**What you should do:** Nothing but the lines from the one with "黄如嫣老师执教的是《火眼金睛" through the end of the listing should be reproduced, each exactly and with pictures omitted.

:: Data for processing

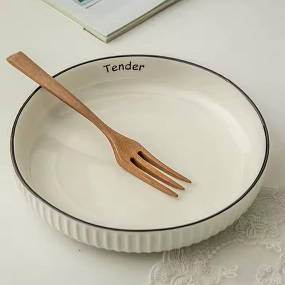 - التصميم: طبق أنيق من البورسلين الأبيض يتميّز بتصميم خارجي مضلّع وحافة سوداء، مع نقش كلمة «Tender» داخل الطبق لإضفاء لمسة راقية.
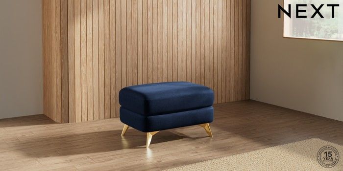 7.2.10 Buy Parker Footstool Luxe Chenille Navy Blue High Metal - Brass from the Next UK online shop Click here to use our accessible website
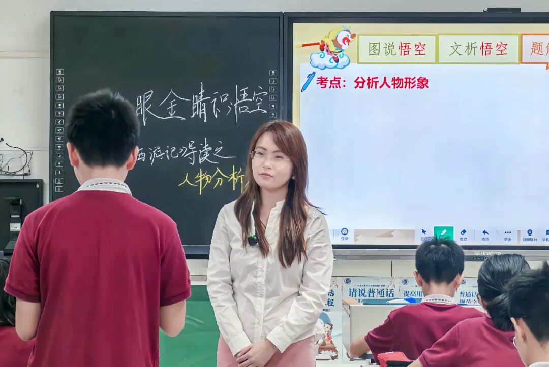 黄如嫣老师执教的是《火眼金睛识悟空——〈西游记〉导读之人物分析篇》!本节课以探究孙悟空的人物形象为主线,引导学生总结归纳分析人物形象的答题要点。任务一,学生通过小组合作绘制孙悟空的成长轨迹图,凝聚集体智慧,梳理情节脉络。任务二,学生通过赏析三打白骨精中的“三打”片段中的人物描写,概括人物形象特点,掌握系统的人物形象分析方法。任务三则鼓励学生自主学习,学生自主寻找篇章中的直接评价句或间接评价句,通过评价语句提升信息提取与整合能力。最后设置当堂练习环节,帮助学生及时巩固所学,实现活学活用。整堂课充分体现学生的主体地位,学生能够“做中学”,有效促进了语文素养的提升,落实了新课标整本书阅读的理念。
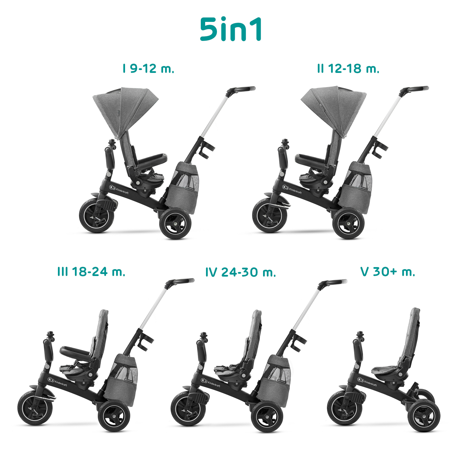 Tricicleta Kinderkraft EASYTWIST 5 in 1 cu scaun rotativ, Platinum Grey
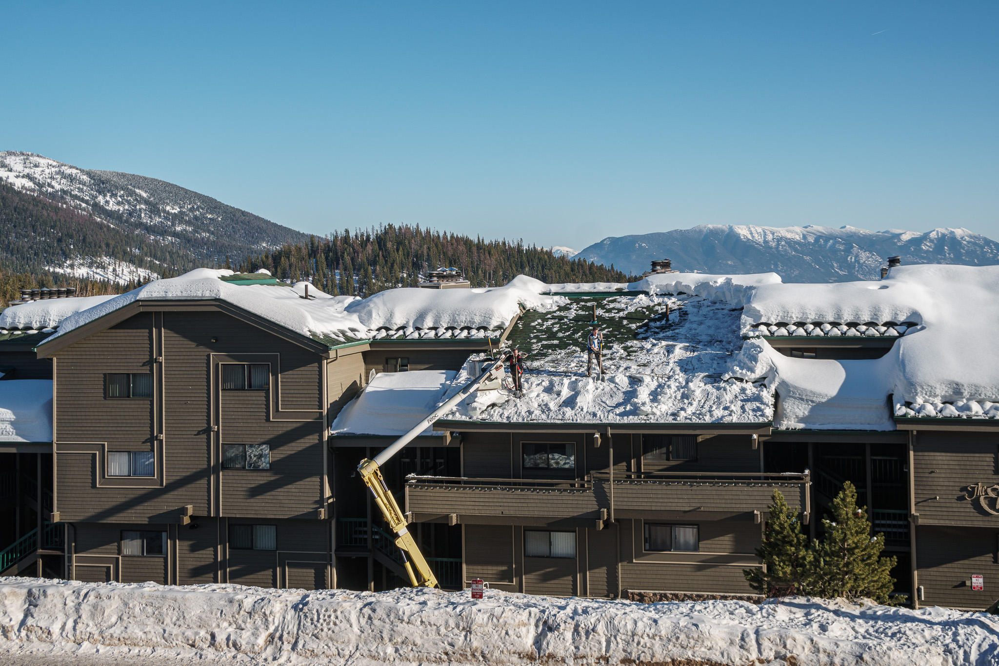 Removing snow from the roof of the condo across from us

::::

**Exercise response:**
 黄如嫣老师执教的是《火眼金睛识悟空——〈西游记〉导读之人物分析篇》!本节课以探究孙悟空的人物形象为主线,引导学生总结归纳分析人物形象的答题要点。任务一,学生通过小组合作绘制孙悟空的成长轨迹图,凝聚集体智慧,梳理情节脉络。任务二,学生通过赏析三打白骨精中的“三打”片段中的人物描写,概括人物形象特点,掌握系统的人物形象分析方法。任务三则鼓励学生自主学习,学生自主寻找篇章中的直接评价句或间接评价句,通过评价语句提升信息提取与整合能力。最后设置当堂练习环节,帮助学生及时巩固所学,实现活学活用。整堂课充分体现学生的主体地位,学生能够“做中学”,有效促进了语文素养的提升,落实了新课标整本书阅读的理念。
 Tricicleta Kinderkraft EASYTWIST 5 in 1 cu scaun rotativ, Platinum Grey
 Removing snow from the roof of the condo across from us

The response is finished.